Un mariage de styles
C'est en 1808, qu'il engagera les travaux de la grande mosquée de la place El Halfaouine qui portera son nom. L'architecture de l'édifice religieux s'inspire des influences turque et occidentale notamment italienne. Les façades extérieures ont été réalisées avec de la pierre, du grès et du calcaire et surmontées de tuiles vertes.
On accède à l'intérieur de l'édifice par des escaliers composés d'une vingtaine de marches et trois grandes portes dont la plus connue est celle qui ouvre sur la grande place du quartier d'El Halfaouine. Trois grandes cours, dont le sol est recouvert de marbre, entourent la salle de prière richement ornementée. Dotée de plusieurs coupoles, cette dernière est surmontée de voûtes en berceau qui reposent sur des colonnes cannelées.

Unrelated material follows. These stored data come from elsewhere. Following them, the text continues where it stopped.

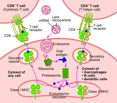 - RNA zawarty w szczepionce (głównie dwuniciowa postać RNA będąca produktem ubocznym) może aktywować wrodzoną odpowiedź immunologiczną organizmu[13][14][15]. Reakcja ta może mieć pozytywne działanie wzmacniające humoralną i komórkową swoistą odpowiedź odpornościową na antygen patogenu, choć może też przynieść niepożądane skutki w postaci reakcji zapalnych związanych z interferonem typu I, indukcji prozapalnych cytokin oraz obniżenia efektywności samej szczepionki, poprzez hamowanie translacji mRNA[15][16][17]. W związku z tym, identyfikacja osób predysponowanych do problemów autoimmunologicznych przed podaniem szczepionki RNA może pozwolić na przyjęcie środków ostrożności[18]. Odpowiednie kroki podjęte podczas produkcji szczepionek (np. poprawiające jakość transkrypcji in vitro, oczyszczanie metodą chromatografii cieczowej) redukują ryzyko niepożądanej immunostymulacji[13][16][14][17][15].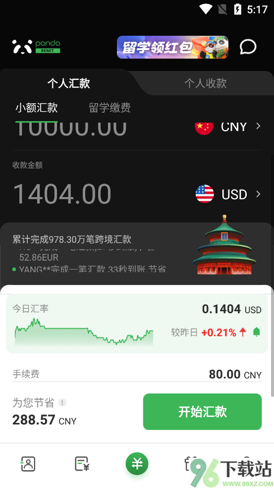 熊猫速汇App是一款专注于跨境汇款的移动应用,背后有红杉资本和光速资本等知名机构支持,整体运营更显靠谱。它主打快速到账、低手续费和透明汇率,让跨国转账不再繁琐耗时,尤其适合有海外生活、留学或生意往来需求的用户。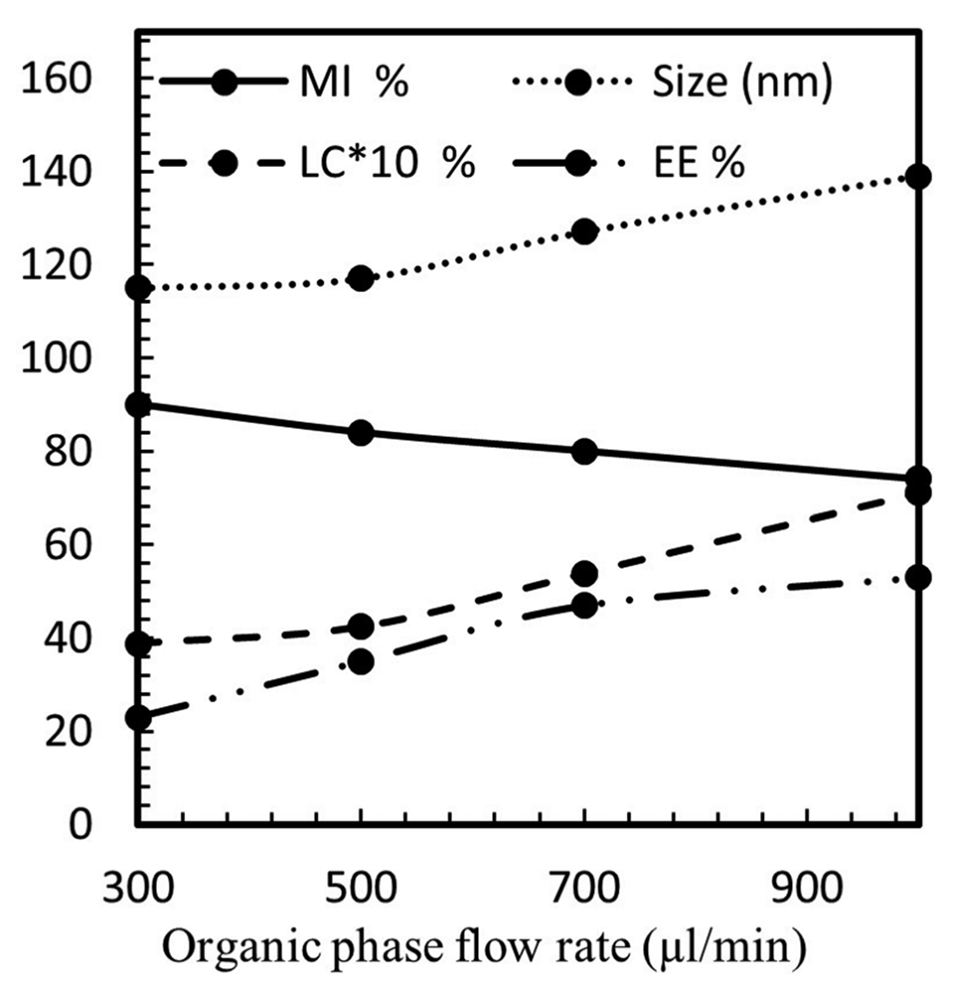 图8.有机相流速对混合指数(MI)、粒径、负载量(LC)和包封效率(EE%)的影响。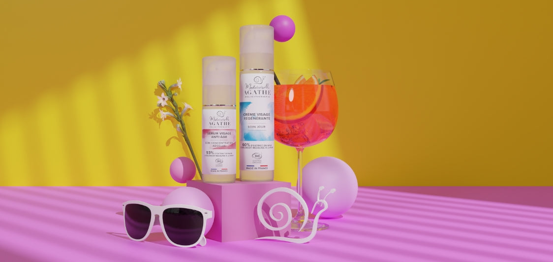 Helix aspersa mucus ist auch ein natürlicher Schutzschild gegen sommerliche Aggressionen. Er hilft, abgestorbene Hautzellen zu entfernen und feine Linien und Fältchen zu reduzieren. Die keratolytische Wirkung beruht auf der Fähigkeit, interzelluläre Bindungen aufzulösen und die Ablösung abgestorbener Hautzellen zu erleichtern. Anschließend stimuliert es die Zellerneuerung, indem es die Produktion von Kollagen und Elastin erhöht. Um seine regenerative Wirkung auf die Haut auszuüben, erhöht Schleim die Migration und Expression von Zell-Zell- und Zell-Substrat-Adhäsionsmolekülen in Fibroblasten und Keratinozytenzellen. (Liudmyla et al., 2022; Adikwu et al., 2008)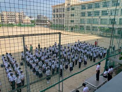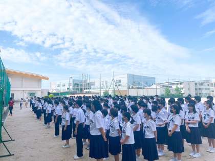 緊急事態宣言が明け、蔓延防止等重点措置期間に移行した事を受けて、オンラインによる全校集会をしてきましたが、本日すがすがしい梅雨晴れのもと久し振りに屋外で行いました。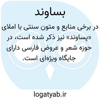 در برخی منابع و متون سنتی با املای «پساوند» نیز ذکر شده است، در حوزهٔ شعر و عروض فارسی دارای جایگاه ویژه‌ای است. ریشهٔ این واژه به معنای «پسوند» یا «آنچه در پی می‌آید» اشاره دارد و به همین سبب، برخی متون مانند «انجمن آرا» و «آنندراج» تأکید کرده‌اند که کاربرد آن در معنای قافیه، به دلیل قرار گرفتن قافیه در دنبالهٔ ابیات، صحیح‌تر و دقیق‌تر است. در تعریف اصلی عروضی، بساوند مترادف با «قافیه» در شعر محسوب می‌شود و از ارکان بنیادین تعیین‌کنندهٔ وزن و آهنگ کلام موزون است.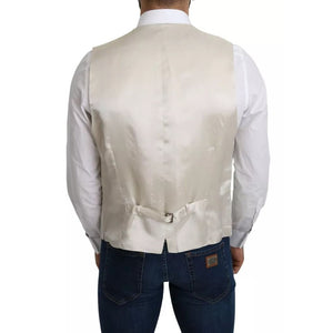 Dolce & Gabbana Off-White Cotton Silk Formal Coat Vest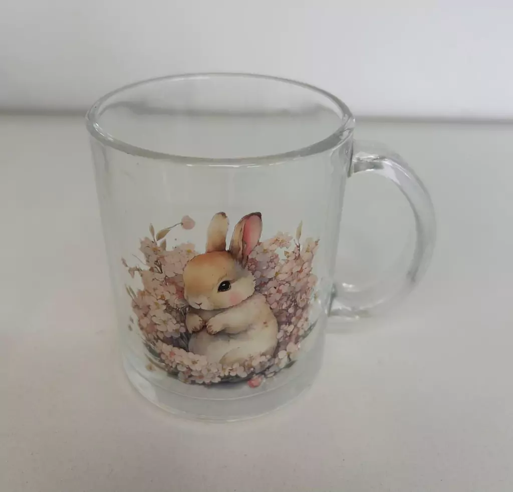 caneca de vidro com coelho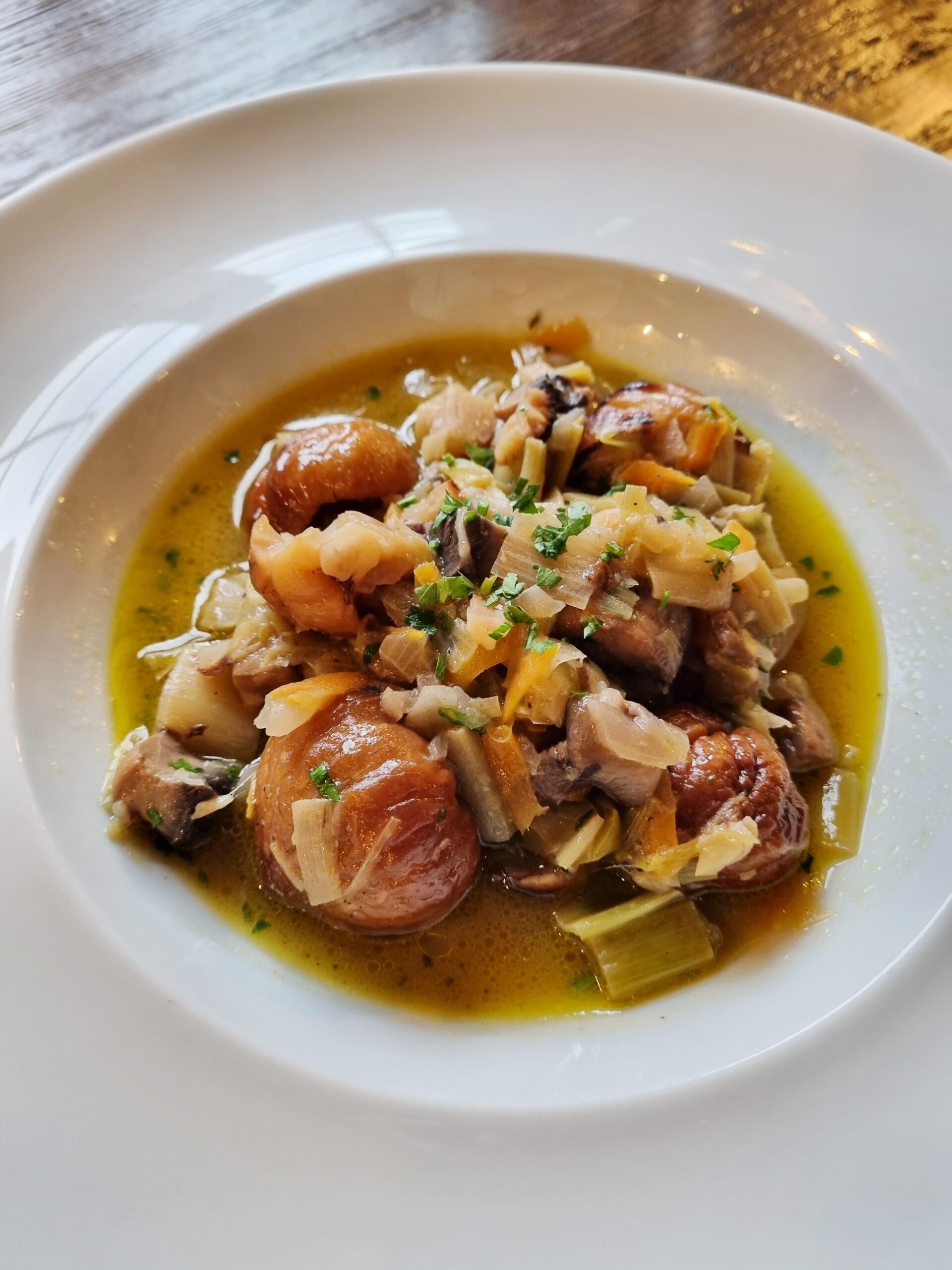 Η ποιότητα των πιάτων αρχίζει από το εξαιρετικό ψωμί και συνεχίζεται με σαλάτες που συνδυάζουν φρεσκάδα και γεύση. Ένα από τα πιάτα που ξεχωρίσαμε είναι τα «σαγάνια», μια πρωτότυπη παρασκευή γεμιστών κρεμμυδιών με πλιγούρι. Η ανοιχτή πίτα με πάπια και μανιτάρια, καθώς και το πιάτο με κάστανα, πράσα και μανιτάρια, προσφέρουν μια πλούσια γευστική εμπειρία. Το μοσχαρίσιο μάγουλο με τραχανά, είναι ένα παραδοσιακό ελληνικό πιάτο που αποτελεί επίσης μία ενδιαφέρουσα επιλογή. Το επιδόρπιο περιλαμβάνει την black forest και την πάβλοβα με μανταρίνι, ιδανικές επιλογές για μια γλυκιά κατάληξη του γεύματος.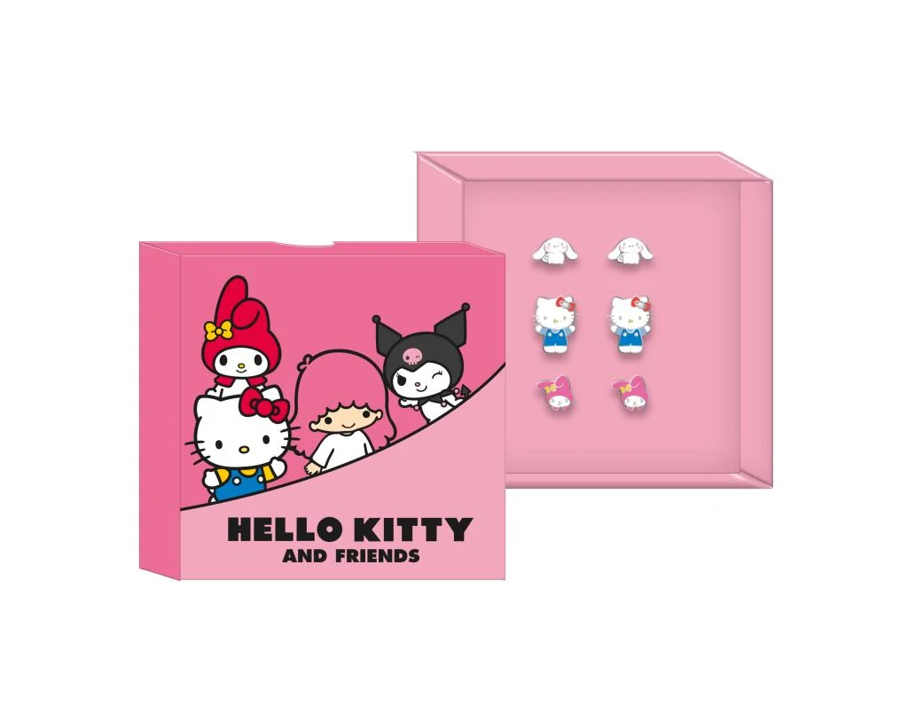 Δείξτε την αγάπη σας για τη Hello Kitty και τους φίλους της με αυτό το σετ από τρία ζευγάρια κομψά και χαριτωμένα σκουλαρίκια.

Quant aux murs, ils sont recouverts de marbre d'Italie et de carreaux de céramique de Kallaline. Revêtus de marbre polychrome, les minbar et mirhab de la mosquée sont richement décorés de motifs qui s'inspirent des styles turc et italien. Le minaret de la mosquée, qui n'est pas achevé lors de l'inauguration de la mosquée par Youssef Saheb Ettabaâ en 1814, sera, par la suite, doté d'un lanternon au début des années soixante-dix.
En plus de ce monument religieux, le grand vizir avait également donné l'ordre de construire un palais devenu aujourd'hui une bibliothèque publique, ainsi que des medersas, une tourba où il est enterré, un fondouk, un hammam outre l'aménagement d'une fontaine publique. D'ailleurs, c'est l'ajout de ces annexes qui lui confèrent ce cachet si particulier. Grâce à sa restauration dans les années 2000, ce complexe architectural, qui a pu être remarquablement préservé, gagnerait aujourd'hui à être intégré dans un circuit touristique culturel.